Alexander von Bunge, a botanist from St. Petersburg, was the first westerner to "discover" Lacebark Pines. He saw them growing in and around Peking in 1831. The specimens he saw were very old trees whose trunks had turned completely white. The tree was first introduced in the Western world by Robert Fortune in 1846. The tree was formally named in honor of von Bunge in 1897.

This tree has several attributes that make it appealing to a gardener or garden designer. It is often multi-stemmed, with ascendant branches, and a round-topped form. Its good looking yellow-green needles are carried in bundles of three and are usually evenly spaced over the crown. The bark is the true focal point of the tree. It exfoliates in irregular peels... revealing apple green and lighter yellow green patches in the normally brownish gray bark.

I remember a friend and I getting pretty excited when Iseli Nursery began offering Lacebark Pines in the 1990's. Until then it had been virtually impossible to find them in the trade. The only reason we knew about this pine was because there was a very large specimen of one growing on the northwest corner of 19th and N. Pennsylvania in Oklahoma City for years and years. The homeowner had no idea what it was and we spent a long time identifying it in those historic days before the internet came into play.

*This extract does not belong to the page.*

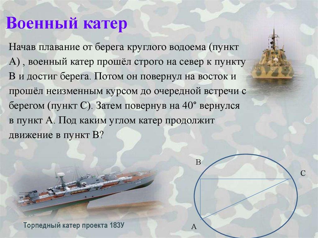 А) , военный катер прошёл строго на север к пункту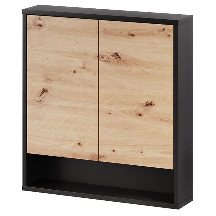 The Mossa Type 72 hanging cabinet from the Szynaka Meble manufacturer is a unique bathroom furniture with a width of 60 cm, a depth of 13 cm and a height of 80 cm, perfectly matching contemporary interiors. The entire piece is maintained in the colour scheme of light oak (artisan oak) and black, which gives it a fresh and close to nature look that perfectly suits bright bathrooms.

It was a beautiful specimen and I took real pleasure in seeing it each time I drove up that street. Then, one day, it was gone... to the ground. I was so shocked I stopped, banged on the door, and asked what had happened. The home had been sold and the new owners felt it blocked their view. I turned around and looked at their new view... of an intersection with stop lights. There is just no accounting for some taste.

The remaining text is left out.